Hindi review
History from the heart
Ashok Malik

Smundari Hawaon Ka Mausam
by Kasmiri Lal Zakir. Unistar Books, Chandigarh.
Pages 110. Rs 100.

Smundari Hawaon Ka MausamLiterature, especially fiction, can be seen as history written from the heart rather than the head. These short stories by Kashmiri Lal Zakir have been woven around the twists and turns of India-Pakistan relations. True to his stature, Zakir’s canvas has panoramic dimensions and his strokes have an informality that comes naturally to masters.

In the first story, from which the collection draws its name, Smundari Hawaon ka Mausam, he starts from the hill terrain of Anantnag (in Kashmir valley, where Zakir spent many years of his early youth) and ends up on beaches of the port city of Karachi. It is a charming tale of Hindu-Muslim brotherhood transcending national boundaries. It tells the story of families that have been separated for decades but meet for a brief reunion during a one-day cricket match in Karachi. The second story Sada-e-sarhad moves between Jhang in Pakistan and Qadian in India, recounting travails of a betrothed couple whose marriage plans are disrupted by terror attacks on the Indian Parliament revive with the restoration of people-to-people contact at the initiative of the Indian government. Their trauma makes for a gripping read.

Guddi, the story of Hakal, a village yokel from Uklana in Jind district of Haryana, is about a marriage without love, wherein the protagonist lands up in a jail in Multan, Pakistan, and encounters a kind-hearted jailor whose daughter Guddi shares the name of his own daughter. When the two countries exchange prisoners as a part of the process of normalising relations between them, he faces the dilemma of going back to those whom he had deserted. Amir Chand Makkar, the protagonist in Platform Par Baitha Akela Admi, is among the last few to reluctantly leave his first love and his native village —Raman in Dera Gazikhan — at the time of Partition. He can never forget the tender Rahmatan. She continues to live in his memory even after his marriage to Mukando and the birth of their two sons and two daughters. Their marriage has everything but love.

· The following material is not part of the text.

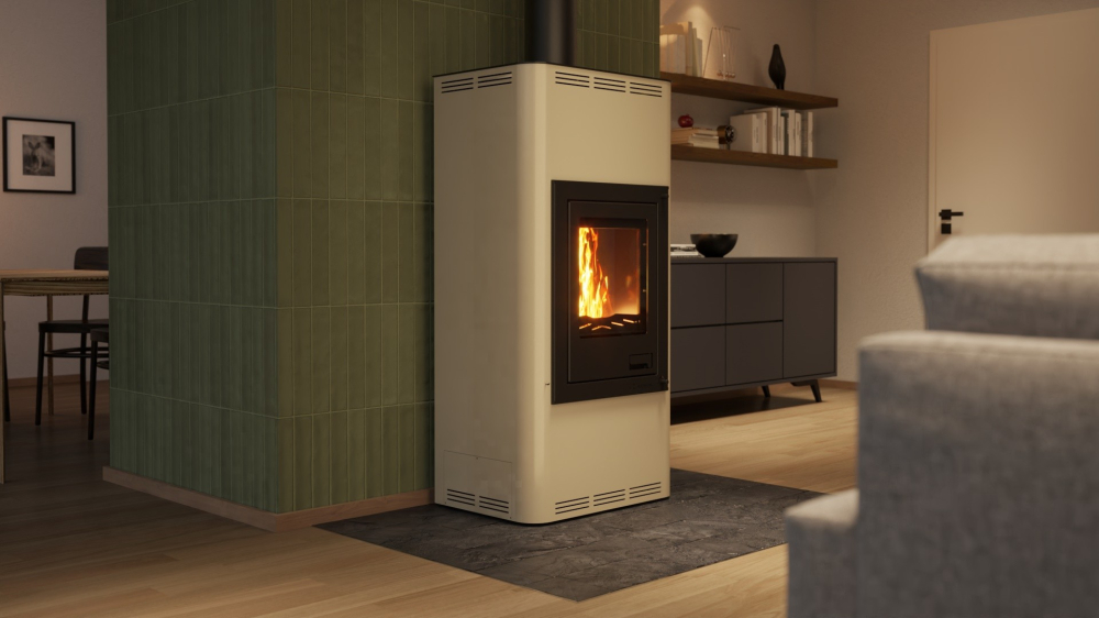 Krbová kamna AQUAFLAM ® 7 s výměníkem - krémová, automatická regulace
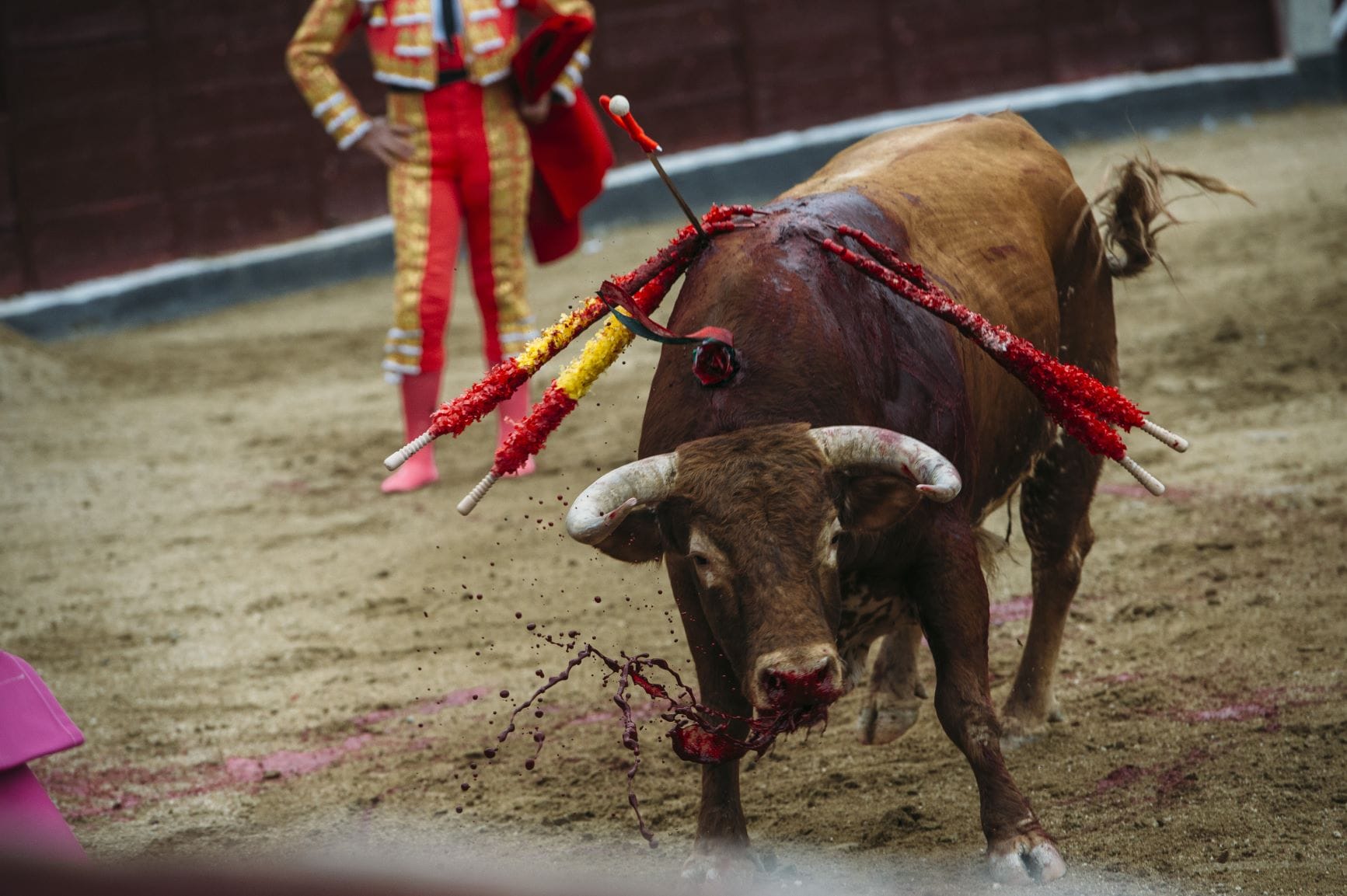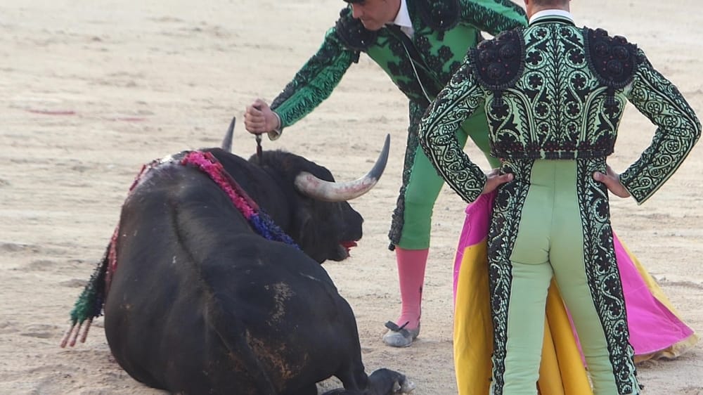 Le taureau paralysé, va être conscient encore quelques minutes. Plusieurs minutes passent avant qu’un taureau poignardé ne meure.

Zakir weaves a colourful tapestry around the wave of good will between India and Pakistan that started with the arrival in India of two-and-half-year-old Noor Fatima for treatment of a heart problem. The touching real-life story that unfolds at the Bangalore hospital is heart warming. In Noor he Noor hai Nigahon main, the last story in the collection, we find two Pakistani toddlers, Afzal and Rohit, with complicated heart problems who come to the PGI in Chandigarh for treatment. Iqbal, from a remote village in Pakistan, is being treated at Escorts in Delhi while the Sialkot "blue baby" Junaid comes to Bangalore’s Shanker Hrudyalaya just when Noor Fatima is on her way back to Pakistan.

Zakir’s stories flow like a river — spontaneous and lively. However, jarring spelling mistakes sometimes spoil the flow of the narrative. In the age of computerised type-setting and smart spell-checks this could have happened only if the publisher decided to take a short-cut and dispense with the services of the good old proof reader.